• What is required
Copy the lines below, word for word, from the first through the line containing "Whether you’re preparing". Leave the pictures out.

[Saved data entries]
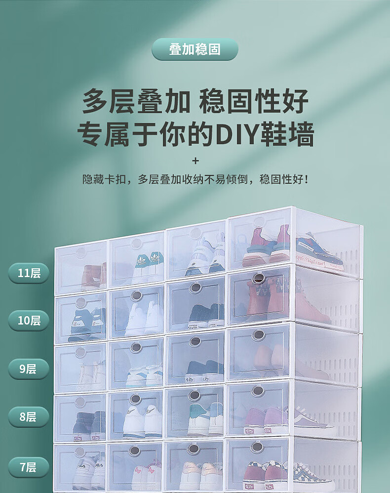 Sailotou thickened shoe box transparent drawer-type shoe storage box shoe box shoe cabinet storage box simple shoe rack black transparent white thickened shoe box 16 pieces
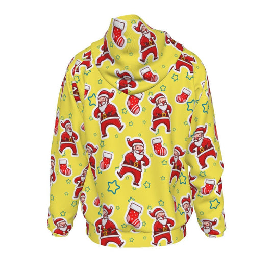 Men's Fleece Zip Christmas Hoodie - Santa and Stars
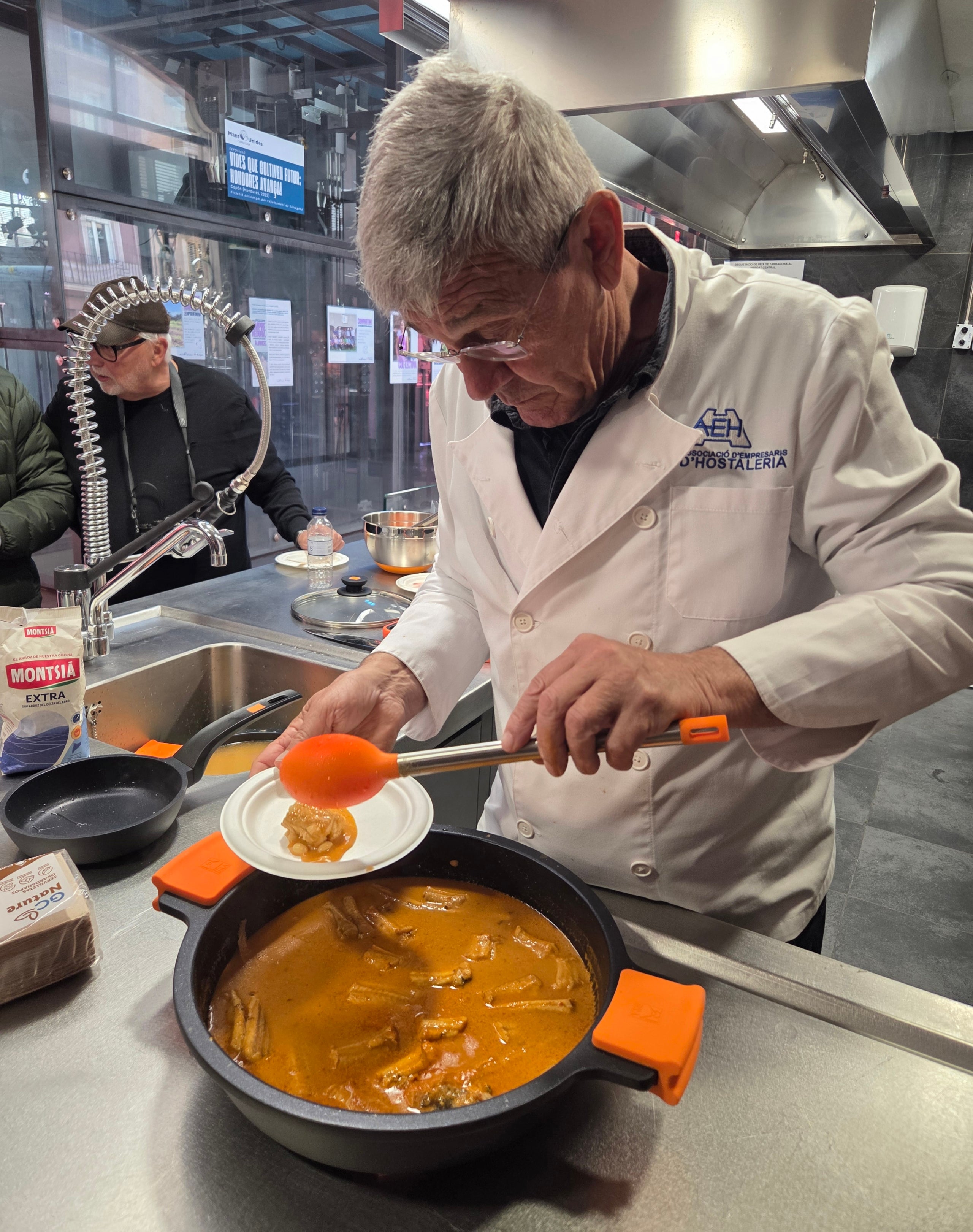 Dit i fet, Xavier Veciana entra a l’espai de cuina habilitat al Mercat Central i comença a passar per la paella el pebrot de romesco, els alls, el pa… només falten les avellanes: “El romesco no és una salsa, és una picada!” diu mentre lliga els ingredients que seran la base principal del guisat de romesco de moixina amb mongetes.
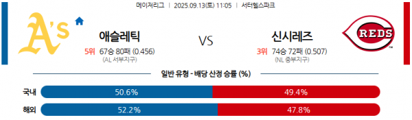 09월 13일 11:05 MLB 애슬레틱스 vs 신시내티 레즈 경기 분석
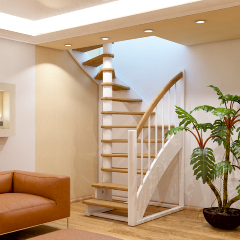 Популярны сегодня малогабаритные винтовые модели. Эти конструкции устанавливают как в многоуровневых квартирах, так и в загородных домах. Удобство эксплуатации таких сооружений заключается в соблюдении правил эргономики – движение вверх и вниз осуществляется комфортно, а под ступенями не создается мертвых зон.
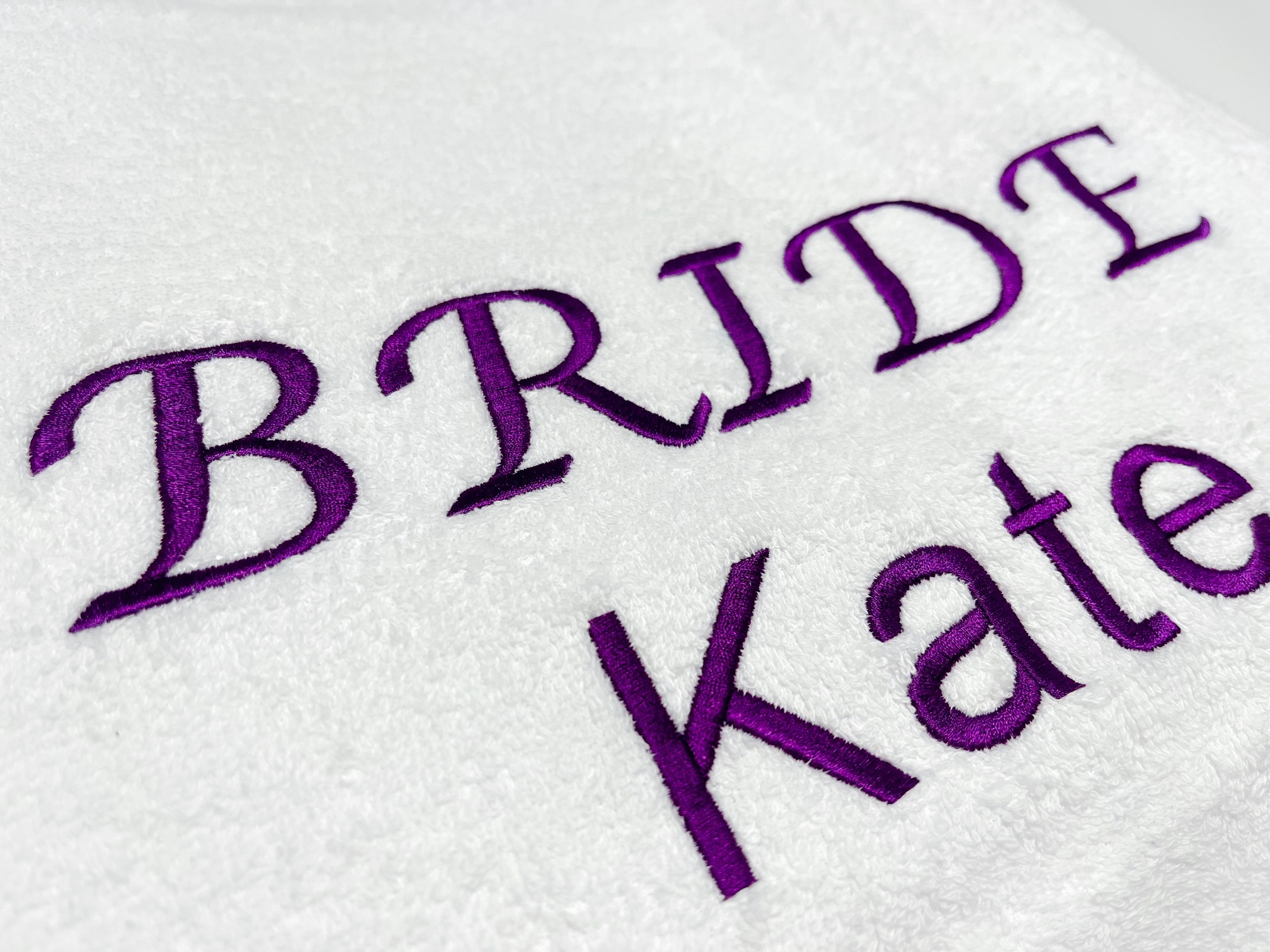 Whether you’re preparing for your wedding day, lounging on your honeymoon, or treating someone special, this embroidered towelling robe is the ultimate in comfort and elegance.
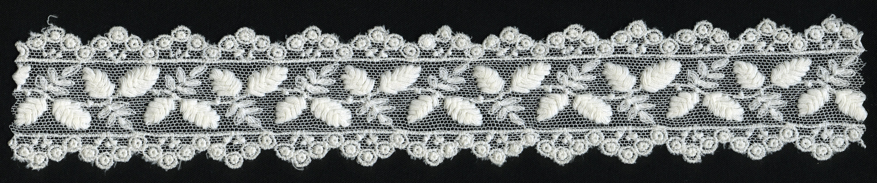 Fragment van een stuk machinaal versierde tule. Waarschijnlijk is er eerst een dunne stof over de tule gespannen waarop de motieven machinaal zijn geborduurd. Na het borduren is de stof weggeëtst.
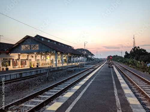 © heri_kriswanto, Obraz premium railway at sunset
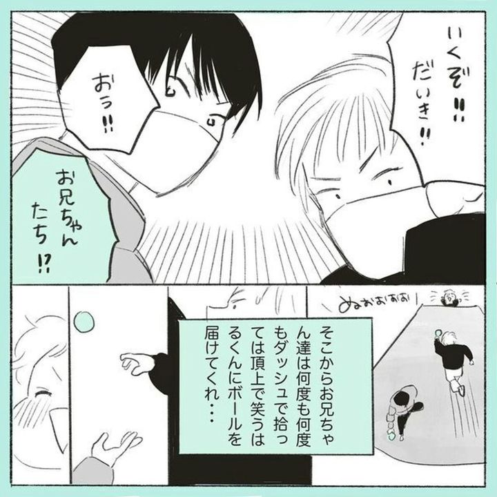 はるくんが落とした2つのボールを何度も何度も取って来てくれた2人の小学生のお兄ちゃん。楽しくなったはるくんは、何度も何度もボールを落とし、そのつどヘトヘトになるまで付き合ってくれたとのこと。本当に優しいお兄ちゃんたちですよね。
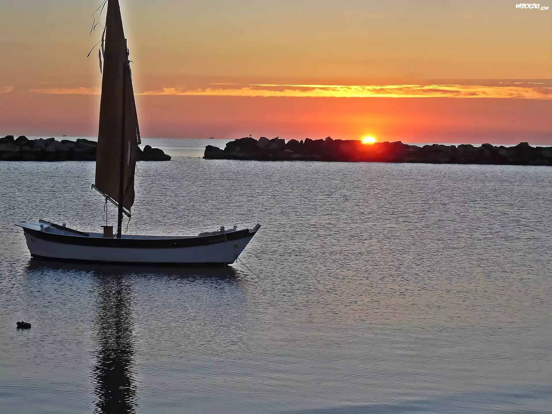 Zdjęcia, Włochy, Morze, Zachód Słońca, Łódka
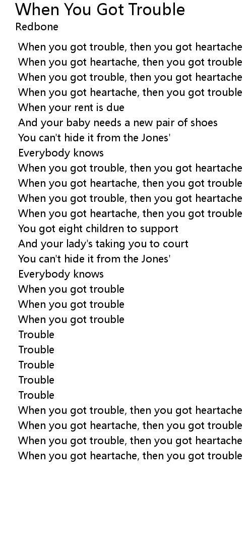 When you got heartache, then you got trouble |
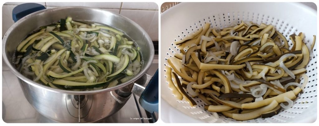 Lassen Sie sie ein paar Minuten abtropfen und legen Sie dann ein Tuch auf eine Arbeitsfläche und verteilen Sie die Zucchini und Zwiebeln für etwa 30 Minuten, dann wechseln Sie das Tuch gegen ein trockenes aus, verteilen Sie erneut das Gemüse darauf und lassen Sie es 24 Stunden lang mit einem weiteren Tuch bedeckt.

• Exercise result
 Sailotou thickened shoe box transparent drawer-type shoe storage box shoe box shoe cabinet storage box simple shoe rack black transparent white thickened shoe box 16 pieces
 Men's Fleece Zip Christmas Hoodie - Santa and Stars
 Dit i fet, Xavier Veciana entra a l’espai de cuina habilitat al Mercat Central i comença a passar per la paella el pebrot de romesco, els alls, el pa… només falten les avellanes: “El romesco no és una salsa, és una picada!” diu mentre lliga els ingredients que seran la base principal del guisat de romesco de moixina amb mongetes.
 09월 13일 11:05 MLB 애슬레틱스 vs 신시내티 레즈 경기 분석
 Популярны сегодня малогабаритные винтовые модели. Эти конструкции устанавливают как в многоуровневых квартирах, так и в загородных домах. Удобство эксплуатации таких сооружений заключается в соблюдении правил эргономики – движение вверх и вниз осуществляется комфортно, а под ступенями не создается мертвых зон.
 Whether you’re preparing for your wedding day, lounging on your honeymoon, or treating someone special, this embroidered towelling robe is the ultimate in comfort and elegance.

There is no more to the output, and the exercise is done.